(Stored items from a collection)

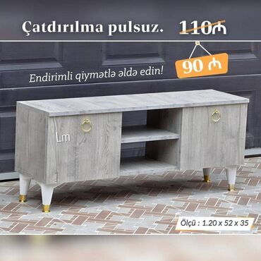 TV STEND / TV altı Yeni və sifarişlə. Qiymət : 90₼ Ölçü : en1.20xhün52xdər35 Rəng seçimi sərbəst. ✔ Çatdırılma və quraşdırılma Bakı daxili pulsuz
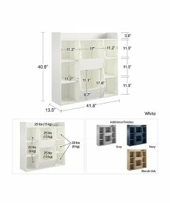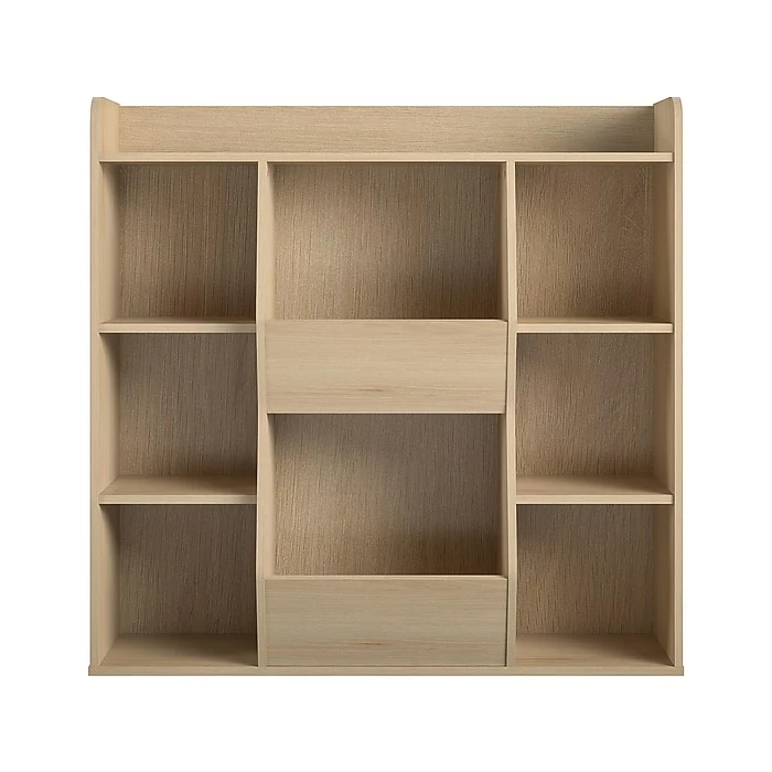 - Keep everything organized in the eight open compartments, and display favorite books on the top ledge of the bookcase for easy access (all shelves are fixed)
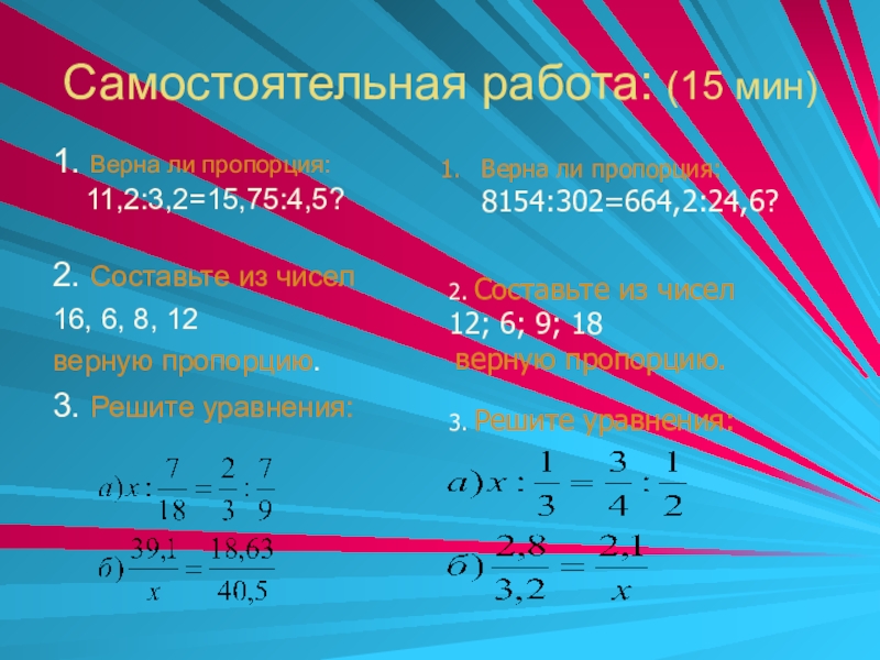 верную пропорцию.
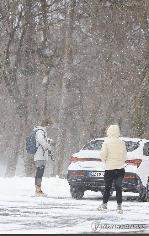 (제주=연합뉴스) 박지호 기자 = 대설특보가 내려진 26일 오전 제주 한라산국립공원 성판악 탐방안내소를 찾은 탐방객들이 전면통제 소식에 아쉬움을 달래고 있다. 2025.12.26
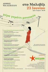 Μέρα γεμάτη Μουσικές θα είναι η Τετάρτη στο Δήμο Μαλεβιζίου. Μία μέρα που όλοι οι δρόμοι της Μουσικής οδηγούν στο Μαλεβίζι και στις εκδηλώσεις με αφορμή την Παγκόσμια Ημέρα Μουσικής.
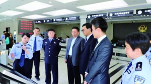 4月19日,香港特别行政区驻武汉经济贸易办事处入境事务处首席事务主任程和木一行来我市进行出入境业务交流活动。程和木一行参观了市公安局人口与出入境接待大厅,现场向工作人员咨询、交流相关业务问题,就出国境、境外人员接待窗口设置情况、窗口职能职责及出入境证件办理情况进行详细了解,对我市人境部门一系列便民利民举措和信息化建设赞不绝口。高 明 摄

### INSTRUCTIONS FOR THE TASK:
Would you copy, word for word, only the lines above from the one containing "- Keep everything" through the one containing "верную пропорцию.", both included, and please leave out the pictures?

### TASK RESPONSE:
 - Keep everything organized in the eight open compartments, and display favorite books on the top ledge of the bookcase for easy access (all shelves are fixed)
 верную пропорцию.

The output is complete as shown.